The script analyzes newly created issues and compares them against existing issues using sentence embeddings to identify potential duplicates.

Related Issue: #396

Key Features

Uses sentence-transformers to generate semantic embeddings
Calculates cosine similarity between issues
Flags potential duplicates above a configurable similarity threshold
Posts a comment suggesting related issues for maintainers to review
Does not automatically close issues (maintainer decision required)

Configuration

The behavior can be configured using environment variables:

Variable	Description	Default
SIMILARITY_THRESHOLD	Similarity score threshold for duplicate detection	0.75
LIMIT_RESULTS	Maximum number of suggested issues	5
EXCLUDE_CLOSED	Whether to exclude closed issues	false

Workflow

Fetch existing issues from the repository
Generate embeddings for the current issue
Compute semantic similarity with existing issues
Identify potential duplicates
Post a comment suggesting related issues

Benefits

Helps reduce duplicate issues
Improves maintainers' triage efficiency
Maintains a cleaner issue tracker
Provides suggestions without automatic enforcement

Future Improvements

Embedding caching for faster comparisons
Support for issue labels filtering
Incremental similarity search

Summary by CodeRabbit

New Features
- Automated duplicate-issue detection: analyzes new/edited issues, ranks similar existing issues by semantic similarity, and posts a formatted comment listing matches with status indicators and links.
Chores
- Added a background workflow to run detection on issue events and a pinned dependency manifest to support the automation.
Style
- Improved visual spacing on quantity adjustment buttons.

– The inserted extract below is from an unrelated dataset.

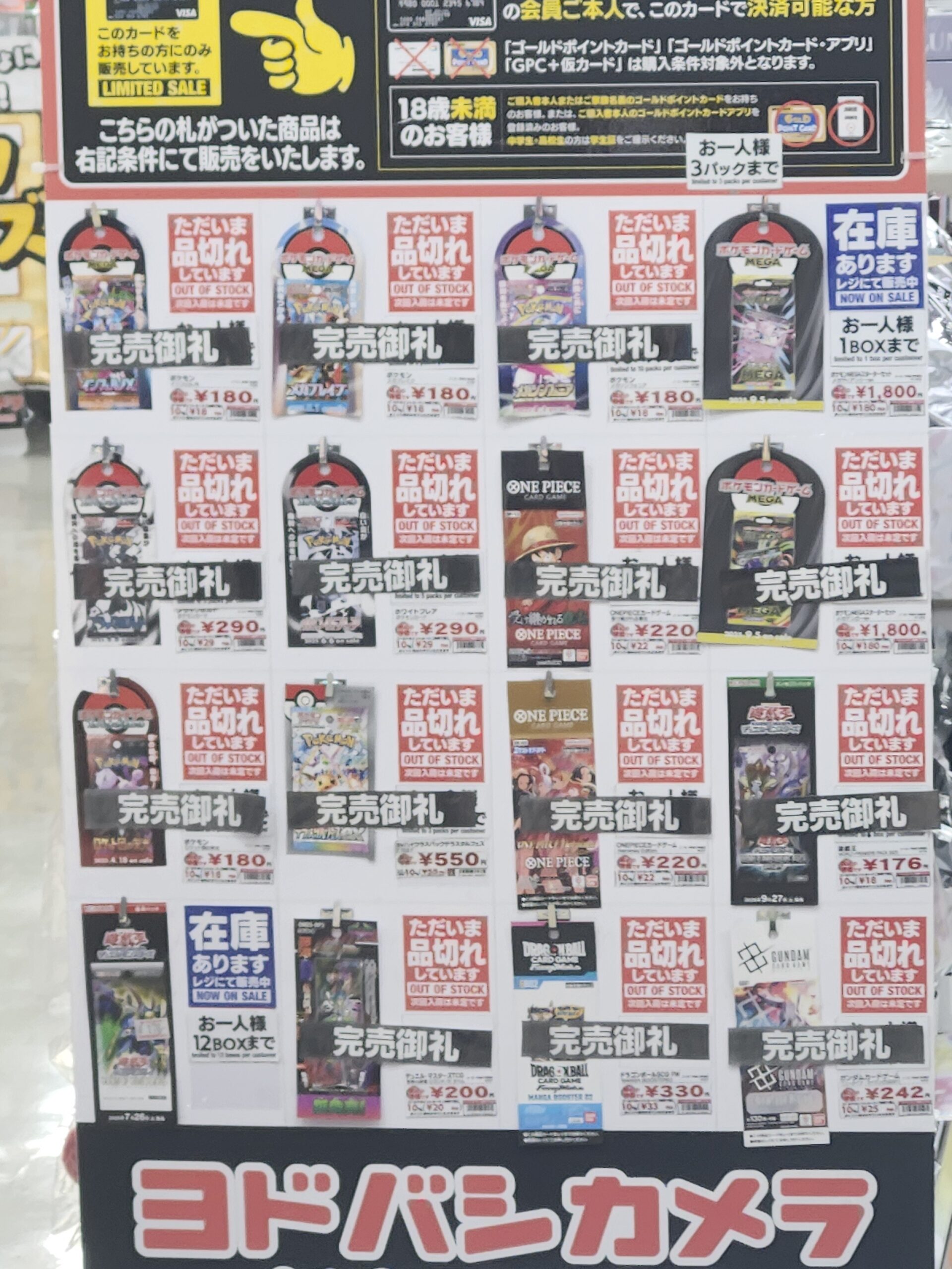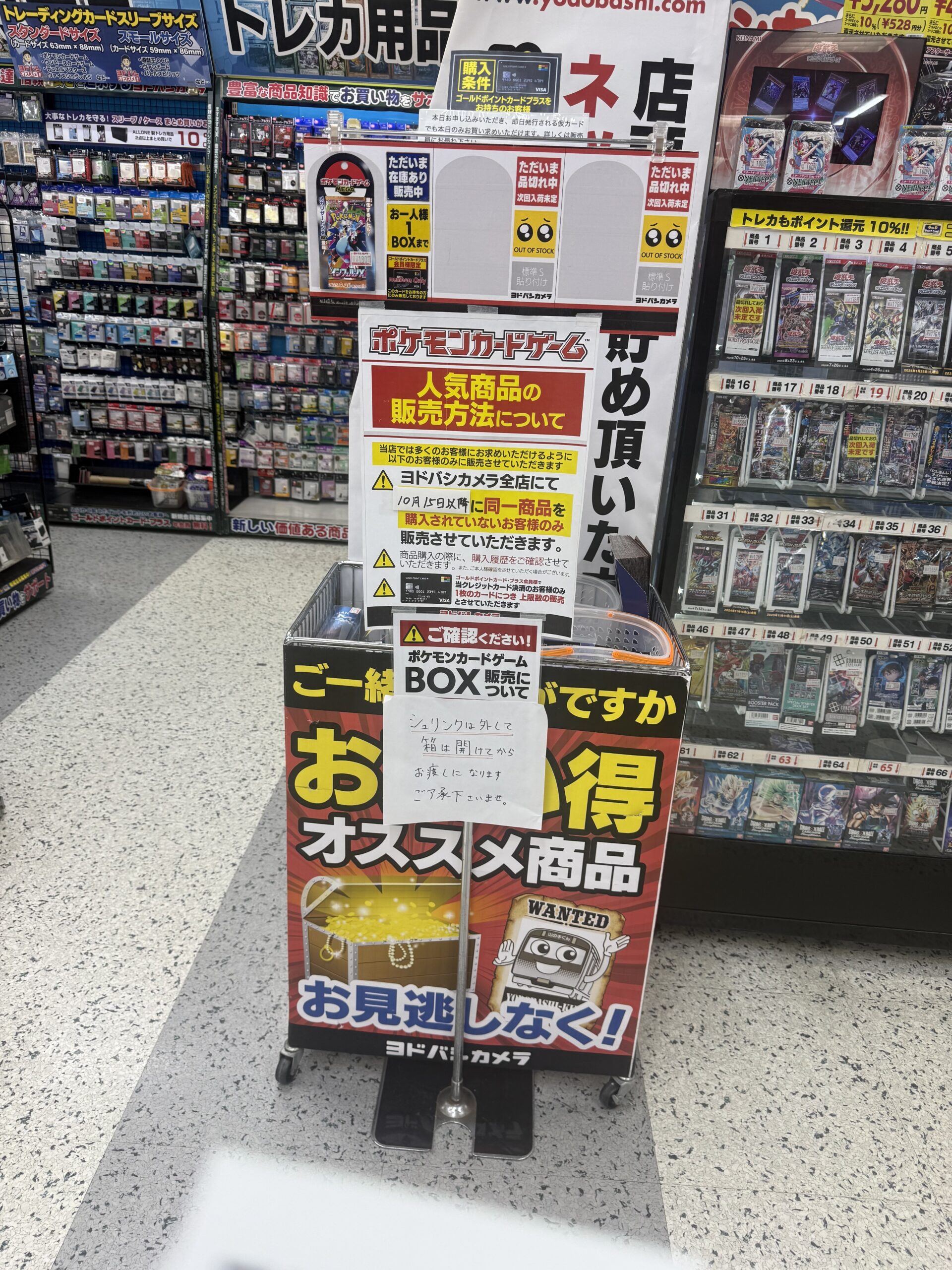 『ヨドバシカメラ』店頭でのポケカ、ワンピースカード、遊戯王カードのゲリラ販売情報。転売屋に負けずに定価入手する為の支援を実施✨

coderabbitai · 2026-03-10T13:11:32Z

No actionable comments were generated in the recent review. 🎉

ℹ️ Recent review info

⚙️ Run configuration

Configuration used: defaults

Review profile: CHILL

Plan: Pro

Run ID: 456da1a5-afd6-4cde-b930-91e45bb7c773

📥 Commits

Reviewing files that changed from the base of the PR and between a2704d1 and c24b12a.

📒 Files selected for processing (1)

.github/workflows/duplicate-detection.yml

🚧 Files skipped from review as they are similar to previous changes (1)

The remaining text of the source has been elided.